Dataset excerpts
+++++

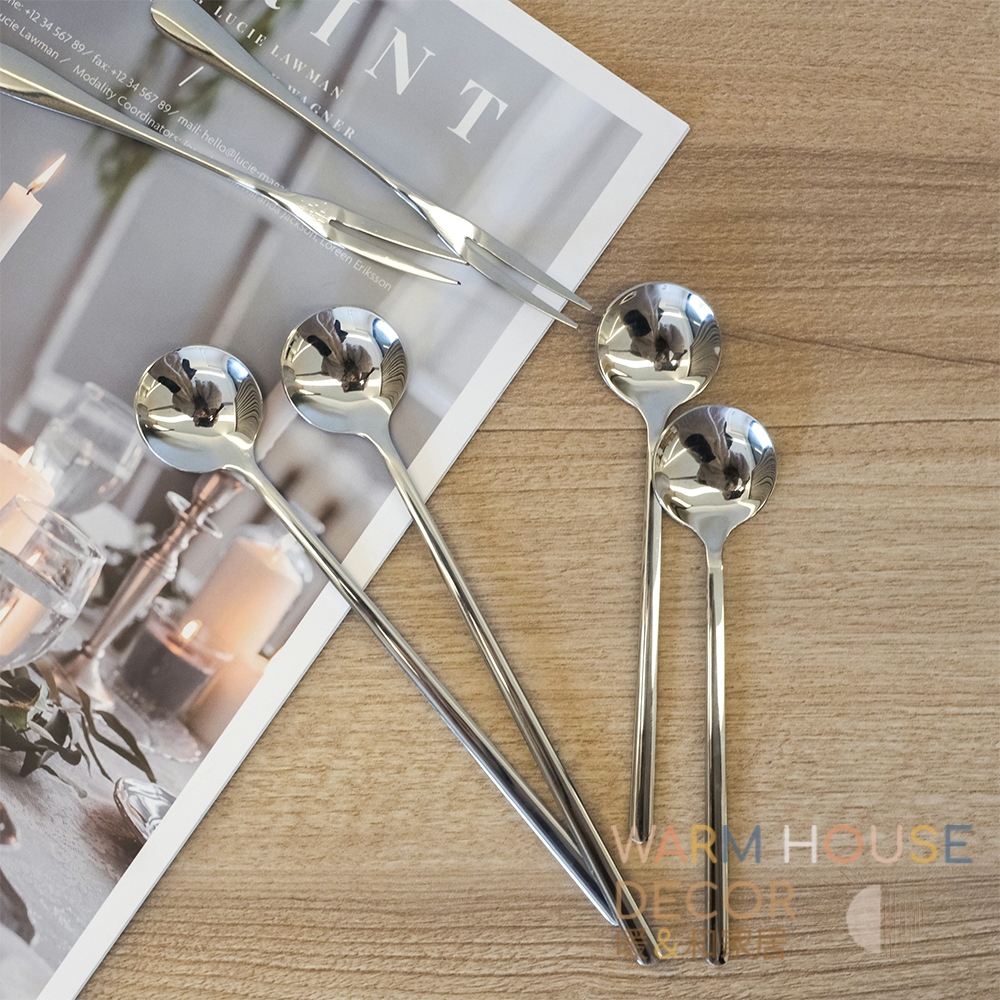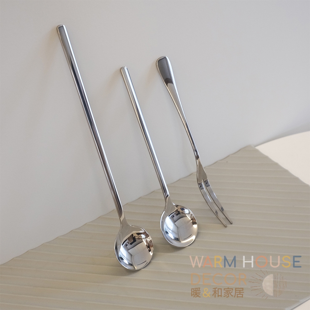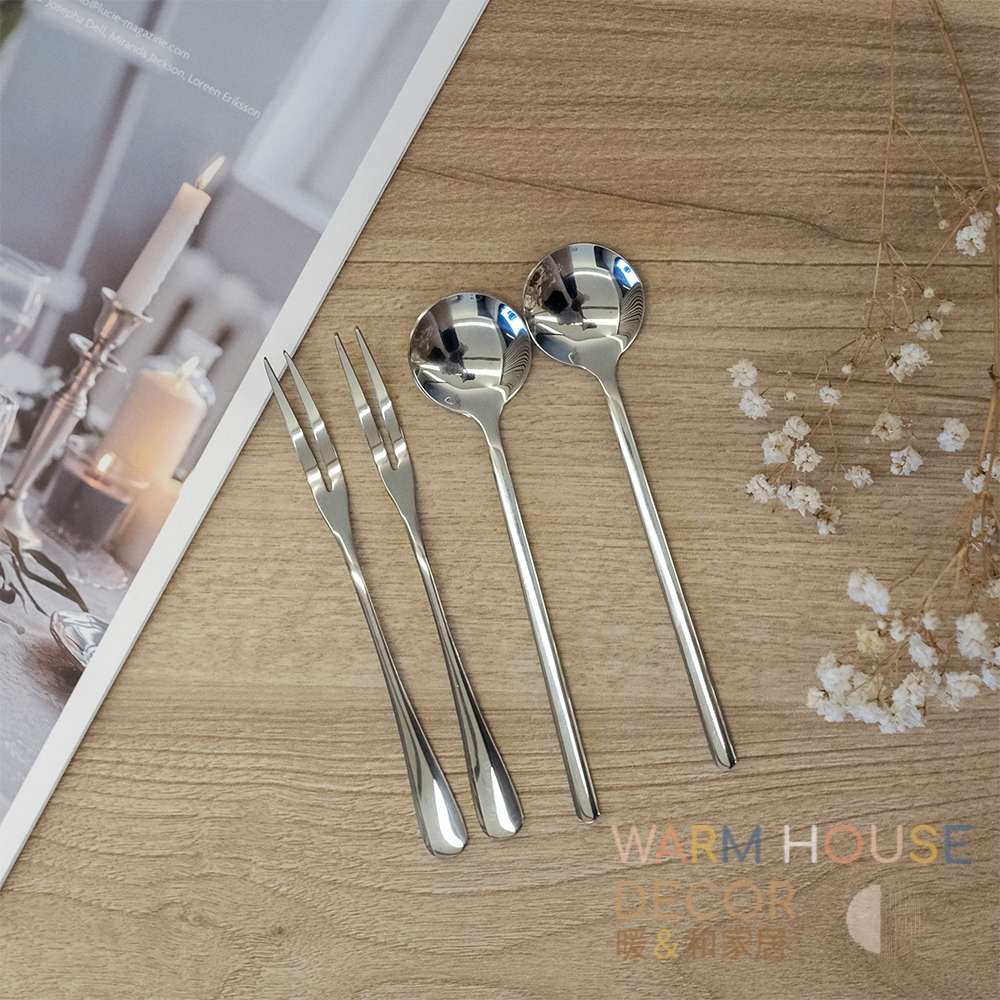 【暖&和家居】台灣現貨 304不銹鋼咖啡勺 餐具組 甜點湯杓 咖啡攪拌勺 小湯匙 甜點勺 餐具 水果叉 湯匙 不銹鋼湯杓
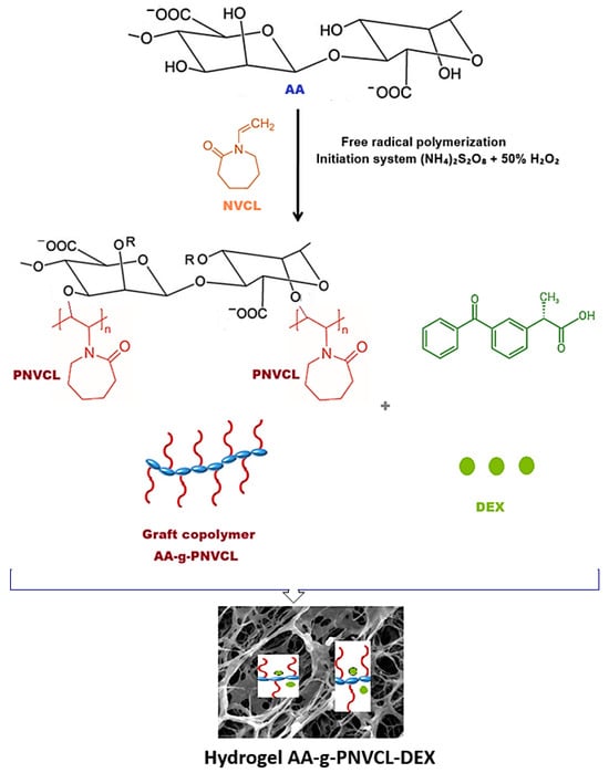 The proposed mechanism of dexketoprofen-loaded hydrogel AA-g-PNVCL-DEX synthesis.
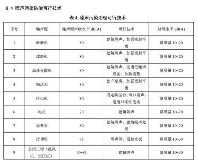 4.2.1.4 涂料工業(yè)企業(yè)產(chǎn)生的噪聲主要來自于生產(chǎn)過程中使用的生產(chǎn)設(shè)備(如砂磨機、球磨機、高速分散機、輸送泵等)和輔助生產(chǎn)設(shè)備(如排風機、電機、提升泵、鼓風機、空壓機等)運行。
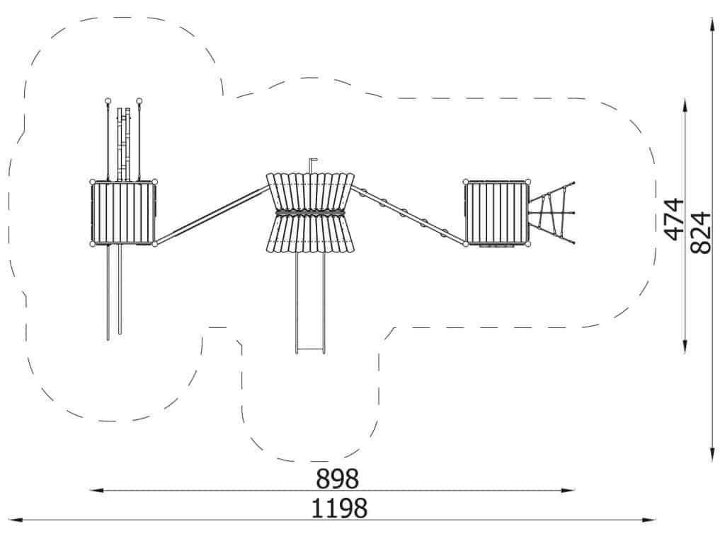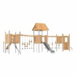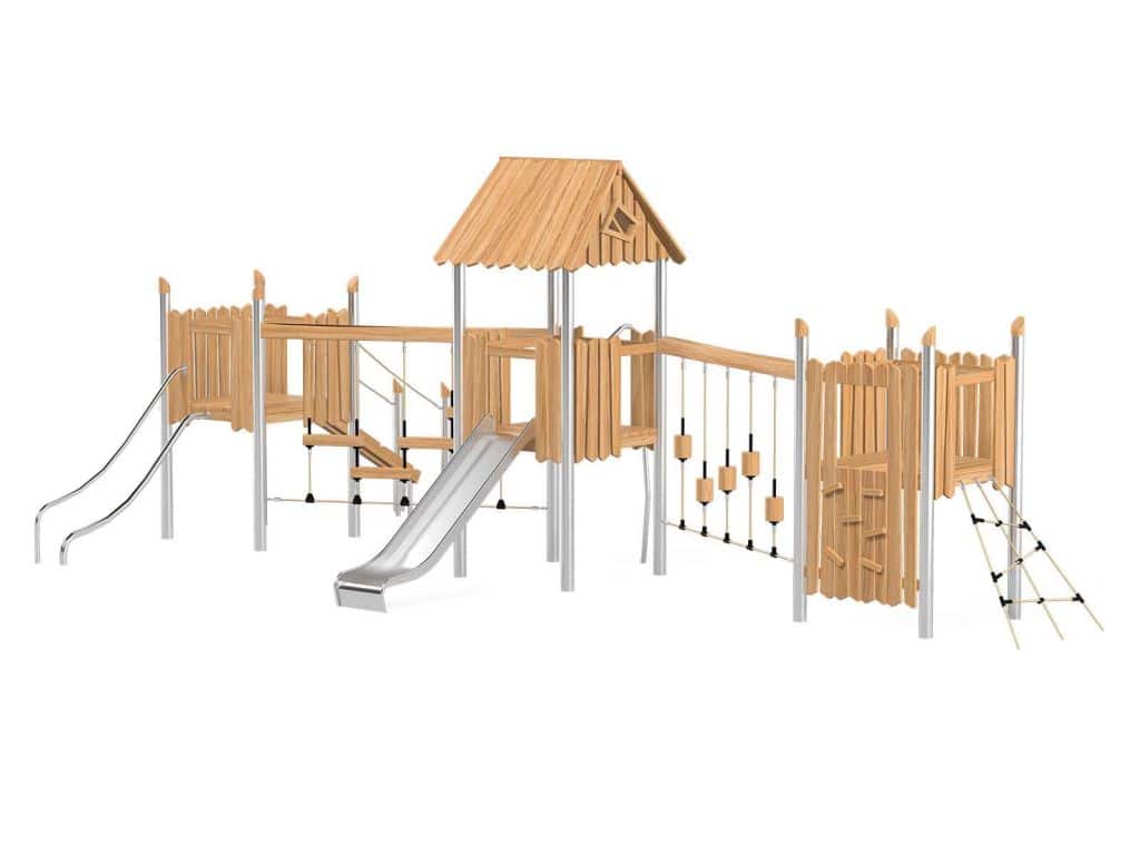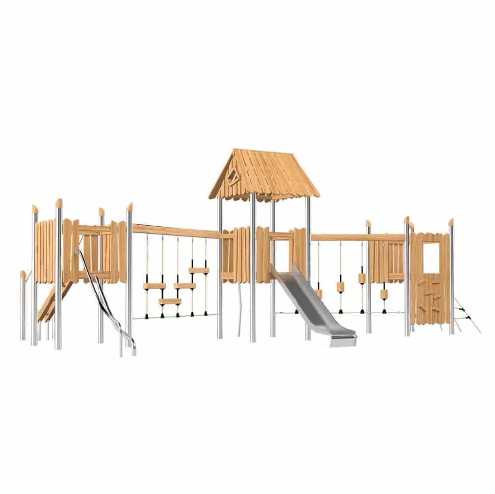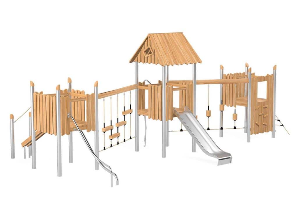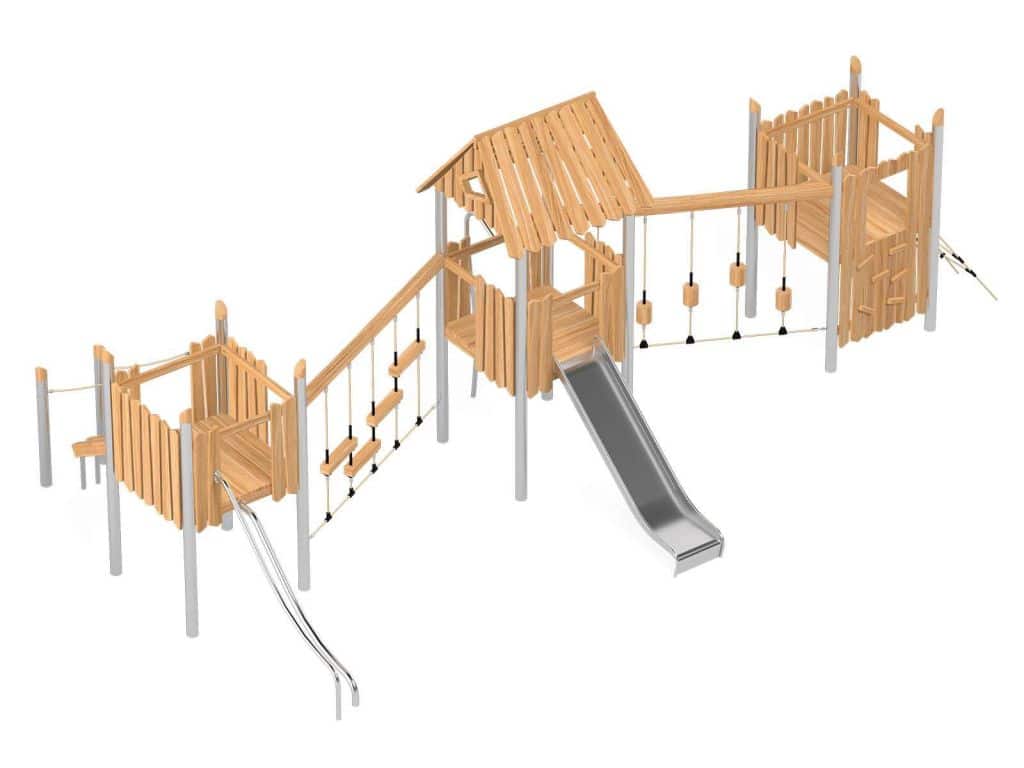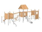 Der Spielturm-Anlage Robinio 18302 besteht aus drei Spieltürmen, eins mit Dach und zwei ohne Dach, einer Rutsche, einem Kletternetz, Rutschstange und diversen Kletterelementen. Das naturbelassene Set macht jeden Kindergarten- oder Vorschulspielplatz attraktiver. Der Spielturm ist aus hochwertigem Metall und Robinien-Holz gefertigt.
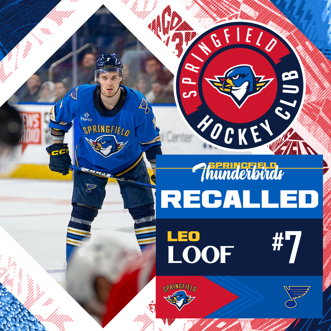 ST. LOUIS, MO – St. Louis Blues President of Hockey Operations and General Manager Doug Armstrong announced today the team has recalled defenseman Leo Loof from its AHL affiliate, the Springfield Thunderbirds.
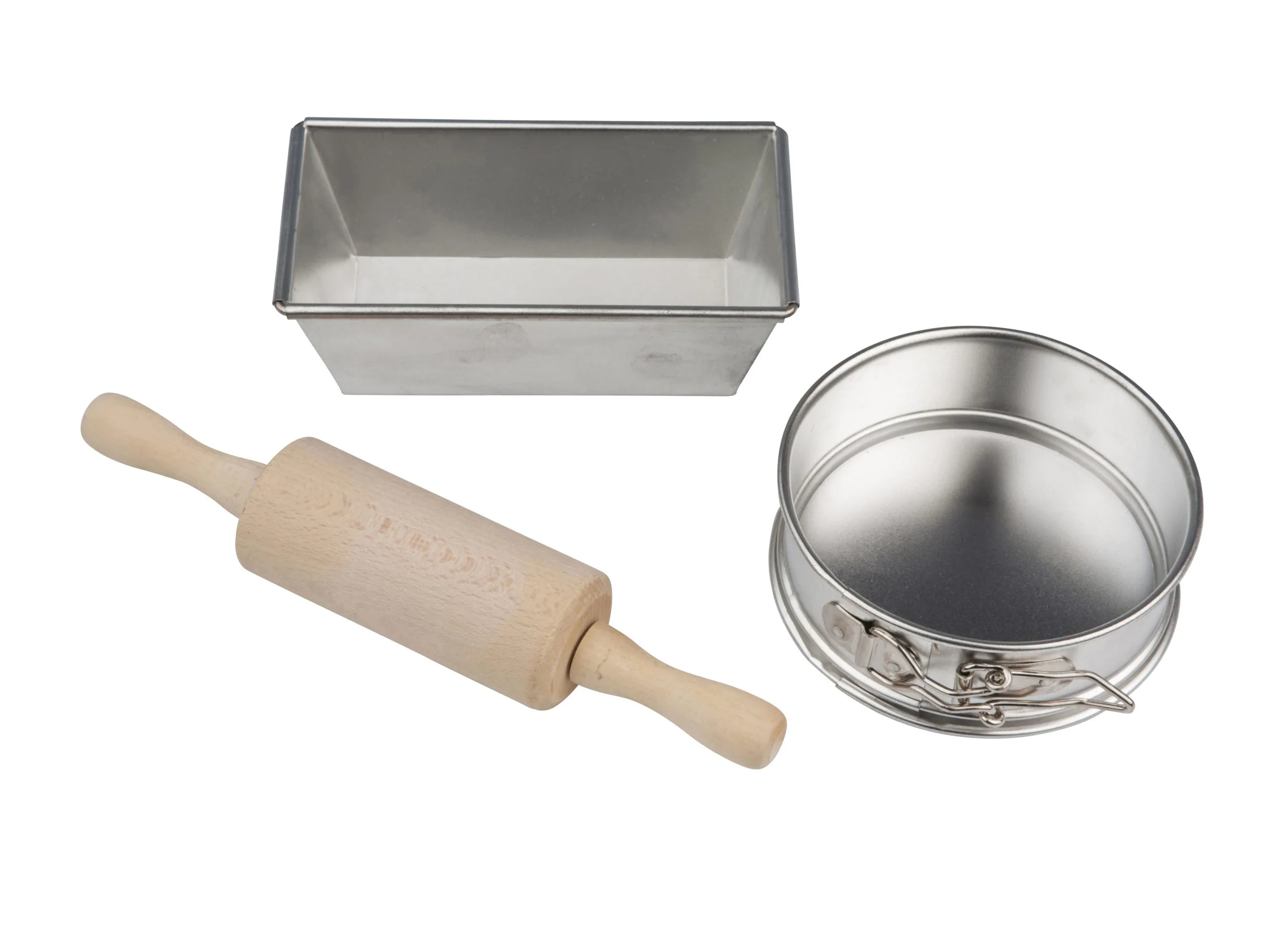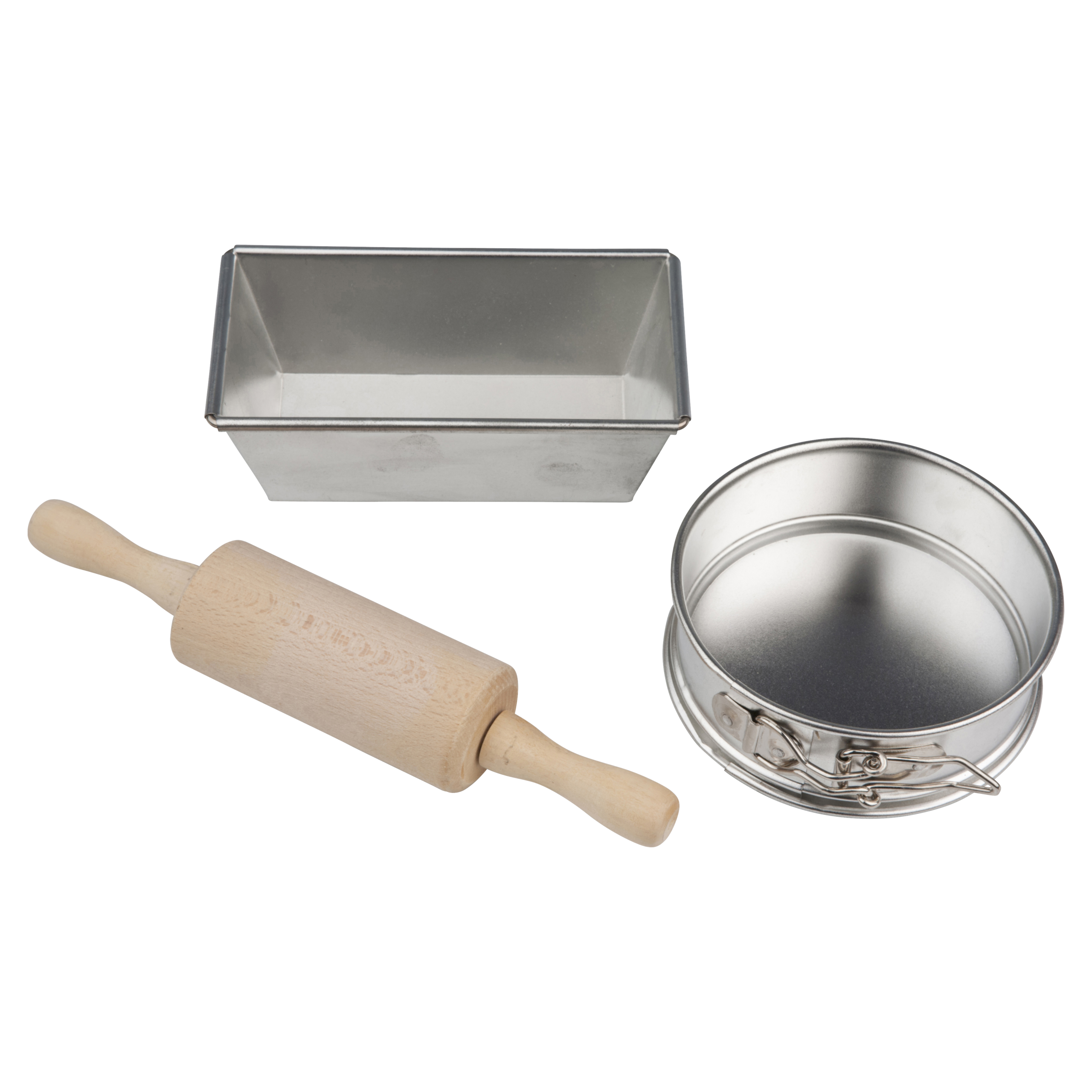 Børnebagersæt i fortinnet 0,3 mm koldvalset stål, som sikrer en god varmefordeling. Sættet består af 3 dele herunder en kagerulle af træ, en kageform og en rund springform. Så bliver det ikke nemmere at have børnene med i køkkenet. Tåler ikke maskinopvask.

+++++

● **Exercise prompt**:
From the first line of the entries down to the line with "Der Spielturm-Anlage Robinio", print each line exactly; omit any picture.

● **Response below**:
 【暖&和家居】台灣現貨 304不銹鋼咖啡勺 餐具組 甜點湯杓 咖啡攪拌勺 小湯匙 甜點勺 餐具 水果叉 湯匙 不銹鋼湯杓
 The proposed mechanism of dexketoprofen-loaded hydrogel AA-g-PNVCL-DEX synthesis.
 4.2.1.4 涂料工業(yè)企業(yè)產(chǎn)生的噪聲主要來自于生產(chǎn)過程中使用的生產(chǎn)設(shè)備(如砂磨機、球磨機、高速分散機、輸送泵等)和輔助生產(chǎn)設(shè)備(如排風機、電機、提升泵、鼓風機、空壓機等)運行。
 Der Spielturm-Anlage Robinio 18302 besteht aus drei Spieltürmen, eins mit Dach und zwei ohne Dach, einer Rutsche, einem Kletternetz, Rutschstange und diversen Kletterelementen. Das naturbelassene Set macht jeden Kindergarten- oder Vorschulspielplatz attraktiver. Der Spielturm ist aus hochwertigem Metall und Robinien-Holz gefertigt.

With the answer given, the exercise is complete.